显然对于鹤星川的反问有些意外,对方一时不知如何作答,只向阮清山又投去视线。
便见阮清山果真开口:“所以呢?”
“那以鹤宗主之见,这天下的妖邪,都杀不得了?”
“你眼下与我们说着这些冠冕堂皇的话,到底是因为心怀衆生,还是……私心太重?”
“亦或是,你与这老珀精共处多日,总算想起了一些陈年往事,企图靠颠倒黑白来掩盖什麽?”
“……”鹤星川本欲继续解释,却在听完阮清山最後一句格外意味深长的质问时不免一顿,“什麽?”
“师兄所说的陈年往事,是指什麽?”
说着,鹤星川也忽地意识到了自从与衆人重逢後的怪异感究竟从何而来——
在他来到老凤山的这段时间里,阮清山等人定是听说了什麽与他有关的事情,已然对他心存误解。

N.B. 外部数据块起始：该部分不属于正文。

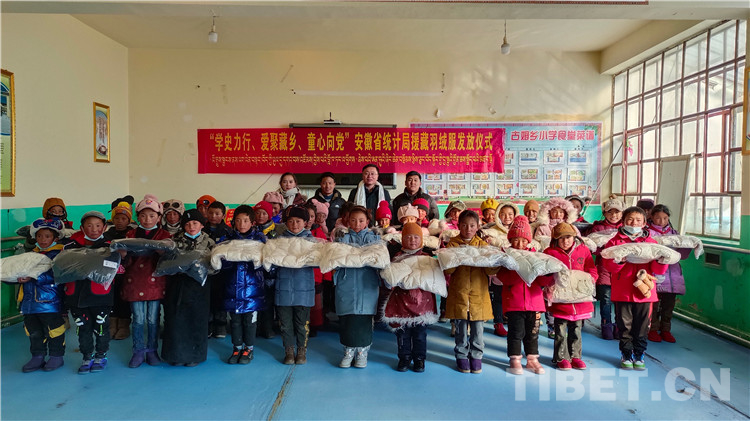 據(jù)了解,活動得到西藏自治區(qū)統(tǒng)計(jì)局、安徽省統(tǒng)計(jì)局、安徽省再貸款公司等單位企業(yè)以及愛心人士的積極響應(yīng),短短一個(gè)星期就購買到1013件羽絨服。為讓孩子們早日穿上羽絨服,援藏干部們決定立即將羽絨服送到古姆鄉(xiāng)小學(xué)。12月13日一早,他們一早就從拉薩出發(fā),日夜兼程,冒著零下二十多度的低溫大雪天氣,穿過十多個(gè)海拔5000米以上的埡口,行程1500多公里,終于在15日下午16點(diǎn)39分將羽絨服送到了孩子們手中,讓207名孩子在零下30多度寒冬中感受到了春天般的溫暖。
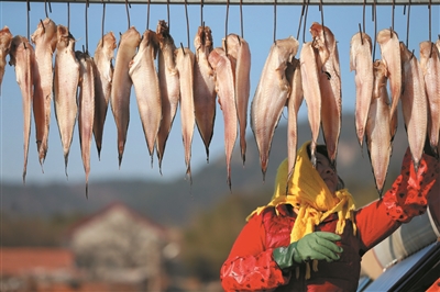 入冬以来,山东省青岛市即墨区沿海一带的渔民抓住晴好天气,忙着将捕获的鲅鱼、偏口鱼、鳗鱼等20余种海鱼进行切割、腌制、晾晒,加工成鱼干。

而他在不知情之馀,又被识破藏了凤千红一缕妖魂,无形中更加深了误会。
遂思绪转动间,鹤星川紧盯阮清山的双眼,目光也忽地变得凛冽。
“师兄不妨有话直言。”
其他人就罢了,但连阮清山看起来也听信了不知何处的讹言,突然与他如此针锋相对,鹤星川的语气明显也冷鸷许多。
更面色黑沉之下,夹杂了些他自己也不曾留意到的怄气。
“若没什麽可说的,一切就等陆宗主定夺,凤千红的事我自有交代,还轮不到你们先行责问。”
最後这几句像是染了高岭极寒,且鹤星川向来善于隐藏心事,又在年纪尚轻时便已在整个宗门里所向披靡,除了阮清山之外的弟子,包括其他十几位同门师兄,其实都对他畏惧得很。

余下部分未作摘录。